Tinuade Babalola Adejuyigbe Adele I (born 25 May 1998) of Iboropa Akoko, also known as Akokoland, Ondo State, Nigeria, is the first female traditional ruler/monarch of the Iboropa-Akoko kingdom. Tinuade was made a regent king to oversee the Akokoland as a community head on 23 February 2015, which was not long after her father, Oba Emmanuel Ayowole Adejuyigbe, died on 10 February 2015 at the age of 57. She was made the Adele (Yoruba for regent) at the age of 16. According to an interview published in the Tribune Newspaper she said that she went through a few customary rites of passage before she was declared the regent and she administered till 16 December 2021. Additionally, she was a freshman when the process of being a female regent started. She was the first sitting monarch to attend the National Youth Service Corps (NYSC) camp without being noticed, in Minna, Niger State, Nigeria.

==Education ==
Tinuade received a B.Sc in public administration from Adekunle Ajasin University, Ondo State, Nigeria.

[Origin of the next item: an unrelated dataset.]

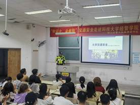 崂山交警大队风景区中队颜警官就交通安全现状、电动车安全、大学生常见交通违法等五个方面进行了讲解,通过切身经历,入校的所见所闻和崂山区、西海岸新区的交通安全宣传视频,告诉同学们要遵守交通规则,增强防范意识,发生安全事故后及时运用法律手段进行处理。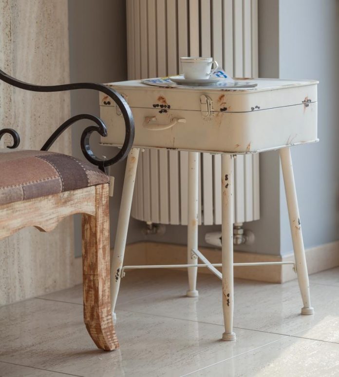 Stolik-walizka ALURO Lamali. Ciekawy dodatek inspirowany stylem industrialnym. Prostota, minimalizm i chłodna kolorystyka z zamierzonym efektem niewykończenia sprawdzą się każdym wnętrzu jako mebel z duszą „z innej epoki”. To stolik i praktyczny schowek w jednym. Doda uroku każdemu pomieszczeniu.

==Selection and coronation==
After Tinuade's father, Oba Emmanuel Bablola, died, Tinuade was made the female regent king to oversee the Akokoland as a community leader on 23 February at the age of 16, according to the customs of the Akokoland. During this time she was an undergraduate in pursuit of a degree in Public Administration from Adekunle Ajasin University, Ondo State, Nigeria.

==Personal life==
Tinuade Babalola Adejuyigbe is the first female traditional ruler and community head of Iboropa-Akoko, Ondo State, Nigeria. Apart from being a king, she is a business woman who makes Asooke, beads, crowns, iruleke and other indigenous items, cultural attires, and heads the Green Women Initiative (GWI). She is single and her tradition permits her to remain celibate while on the throne.

== Green Women Initiative==
Green Women Initiative is a non-governmental organisation with the aim to provide advantages for women in agriculture and agro-allied, launched on 25 May 2021 in celebration of her 23rd birthday.